1969 aviation accident

Hawthorne Nevada Airlines Flight 708 was a domestic scheduled passenger flight between Hawthorne Municipal Airport, Nevada (HTH/KTHT) and Burbank Airport, California (BUR/KBUR) that crashed into terrain near the tallest mountain in the contiguous United States, Mount Whitney, near Lone Pine, on February 18, 1969, killing all 35 passengers and crew on board.

==Airline==
Mineral County Airlines dba Hawthorne Nevada Airlines (HNA) was a Burbank-based air taxi operator formed by the owners of the El Capitan Casino in Hawthorne, Nevada. In 1963, the Civil Aeronautics Board (CAB), a now-defunct Federal agency which at the time tightly regulated almost all commercial air transportation in the United States, authorized HNA to operate a Douglas DC-3 from Long Beach and Los Angeles to Hawthorne via exemption (an exception from CAB regulations that would otherwise prevent it). Prior to N, El Capitan had relied on Blatz Airlines, a so-called supplemental air carrier, to operate DC-3s and Douglas DC-4s to Hawthorne from Los Angeles, but the CAB shut Blatz in 1962.

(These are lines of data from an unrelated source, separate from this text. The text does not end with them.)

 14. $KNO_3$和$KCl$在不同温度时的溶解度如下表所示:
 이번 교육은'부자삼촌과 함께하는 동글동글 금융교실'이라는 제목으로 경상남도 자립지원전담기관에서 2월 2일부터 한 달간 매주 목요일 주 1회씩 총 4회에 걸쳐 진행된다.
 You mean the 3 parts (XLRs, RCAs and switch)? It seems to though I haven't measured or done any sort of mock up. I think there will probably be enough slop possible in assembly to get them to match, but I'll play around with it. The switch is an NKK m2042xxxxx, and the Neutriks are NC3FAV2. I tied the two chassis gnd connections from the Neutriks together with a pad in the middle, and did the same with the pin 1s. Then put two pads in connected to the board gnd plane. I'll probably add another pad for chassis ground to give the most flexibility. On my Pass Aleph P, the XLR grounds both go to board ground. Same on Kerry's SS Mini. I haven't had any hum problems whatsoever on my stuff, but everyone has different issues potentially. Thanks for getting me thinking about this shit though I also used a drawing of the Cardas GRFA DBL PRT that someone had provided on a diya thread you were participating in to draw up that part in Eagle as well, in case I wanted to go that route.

In 1967, the CAB expanded HNA's authority to encompass two DC-3s and a Lockheed L-049 Constellation and in 1968 allowed it to fly to Hawthorne from the San Francisco Bay Area as well. Shortly after the accident, HNA changed its name to Air Nevada and ceased all operation by 1970.

==History of flight==
Flight 708, flown with a Douglas DC-3, was operating on a visual flight rules plan and was scheduled to depart 4am, but actually departed 3:50am, PST. Last contact was made at 4:06 A.M. when the flight spoke with the Tonopah Flight Service Station. One hour later, at 5:10am. the plane hit a sheer cliff face north of Mount Whitney, near Tulainyo Lake at 11,770 feet (3,558 m). The main body of the wreckage then slid down the cliff and stopped some 500 feet (152 m) back from the cliff, where it caught fire. All 32 passengers and 3 crew members were killed. The time of impact was determined by stopped watches at the site. The crew consisted of Captain Fred Hall (43), and first officer Raymond Hamer (41), and one flight attendant, Patricia Nannes (21).

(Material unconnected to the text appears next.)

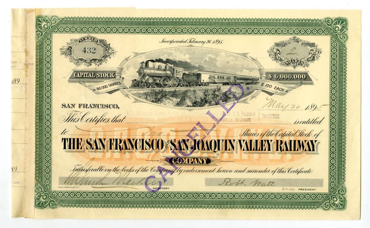 San Francisco, California, 1895. 2 Shares Capital Stock I/C Certificate, Black print with green border and orange underprint, Locomotive vignette at top center with company title at bottom center, S/N 432, Cancelled stamp overprint at center, VF to XF condition.

==Search and rescue operation==
Extensive searches from air and ground were launched after the aircraft went missing, but snow, low clouds, and mountainous terrain hampered the search. A search aircraft crashed (without fatalities) on Mount Tom during the search. The aircraft was finally located on August 8, 1969. A helicopter visiting the site also crashed, also without fatalities. The delay likely did not affect survivability, as the crash was viewed as nonsurvivable.

==Investigation==
The National Transportation Safety Board launched an extensive investigation upon the location of the wreckage. It gave the probable cause as follows:

The Board determines that the probable cause of this accident was the deviation from the prescribed route of flight, as authorized in the company's FAA-approved operations specifications, resulting in the aircraft being operated under IFR weather conditions, in high mountainous terrain, in an area where there was a lack of radio navigation aids.

==Bibliography==
- "Aircraft Accident Report: Mineral County Airlines d.b.a. Hawthorne Nevada Airlines, DC-3, N15570, Near Lone Pine, California, February 18, 1969" (1970)
- "Accident Douglas C-49J (DC-3) N15570, Tuesday 18 February 1969"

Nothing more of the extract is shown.